Los Sims

Los Sims fue el experimento más exitoso de Will Wright, creador de Maxis y artífice de títulos como Sim City o Sim Earth, de los que ya hablamos hace un tiempo.

Aparecido en el año 2000, el juego planteaba un simulador social en el que tomamos el control de una familia de “Sims”, personas habitantes de un barrio cercano a Sim City. Al principio debíamos crear a nuestros Sims, eligiendo su aspecto y su personalidad, para posteriormente mudarlos a un hogar, el cual podíamos diseñar y decorar nosotros mismos, y tras ello poner a nuestros Sims a vivir. En ese momento no podíamos imaginar que los problemas no habían hecho más que comenzar.

Una vez mudados los Sims a su hogar debíamos empezar a vigilar sus necesidades, cuidando que realizaran todas las actividades cotidianas que una persona normal realizaría: comer, ir al servicio, ducharse y por supuesto, buscar un trabajo con el que mantenerse y mantener a su familia (si la hubiera), además nuestro Sim deberá tener la casa decorada adecuadamente y a su gusto, aparte de tener que relacionarse con los demás Sims y hacer amigos, que unido a la mejora de sus aptitudes y destrezas lo harán progresar en el trabajo, lo que nos permitirá acceder a mejores objetos que sacien las ansias consumistas de nuestro Sim. Nuestro Sim podrá también casarse y tener hijos, aunque estos nunca pasarán del estado de niñez. En caso de que no satisfaga sus necesidades diarias, su humor caerá por los suelos, volviéndose malhumorado y dejando de lado aun más cosas, corriendo el riesgo de llegar a morir, lo que por suerte no llegará a suceder muy a menudo.

Como podemos ver, el juego planteaba unas premisas bastante amplias, y aun así el entorno del juego era bastante limitado, ya que no podíamos abandonar nuestra casa más que para ir a trabajar, pero aun así el juego nos garantizaba horas y horas de diversión, en la que podíamos someter a nuestro Sim a nuestros experimentos, llevándolo a la más absoluta desgracia o convirtiéndolo en lo que soñemos ser nosotros mismos. Prácticamente sin límites, y sin un final definido.

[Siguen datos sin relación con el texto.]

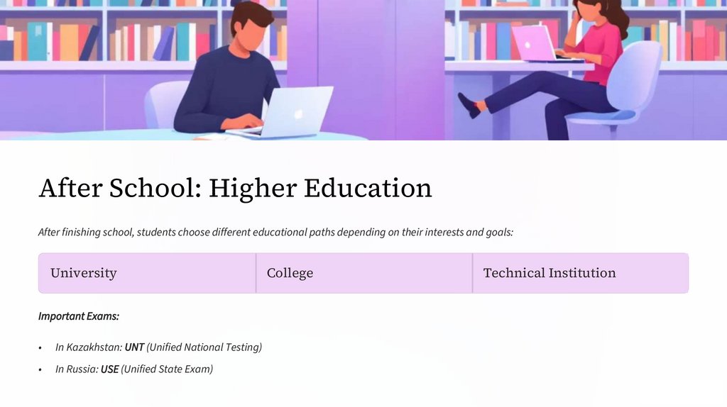 After School: Higher EducationAfter finishing school, students choose different educational paths depending on their interests and goals:

Pronto esos límites comenzaron a ampliarse con varios packs de expansión, que permitieron al Sim salir de casa para visitar diferentes tiendas y restaurantes, irse de vacaciones, tener su propia mascota e incluso ser una estrella de cine o un poderoso mago.

Otro de los grandes alicientes de este juego y de sus expansiones es que prácticamente todos los edificios del juego eran personalizables por el jugador, además de que gracias a la inmensa comunidad generada en torno al juego era posible encontrar prácticamente cualquier objeto que desearamos y que había sido creado por fans.

Aunque los gráficos hoy por hoy resultan arcaicos, en su época no estaban nada mal, y la única pega achacable al rendimiento del juego eran las ralentizaciones que se daban en determinadas situaciones, sobre todo en las zonas comunitarias introducidas por las expansiones.

Finalmente mencionar que el juego está basado en varias teorías científicas y arquitectónicas acerca de cómo el entorno del hogar influye en nuestra vida y nuestro humor; y que además posee el galardón, junto con su segunda parte de la que hablaremos próximamente, de ser el juego de PC más vendido de la historia (título arrebatado a Myst, como ya comentamos anteriormente.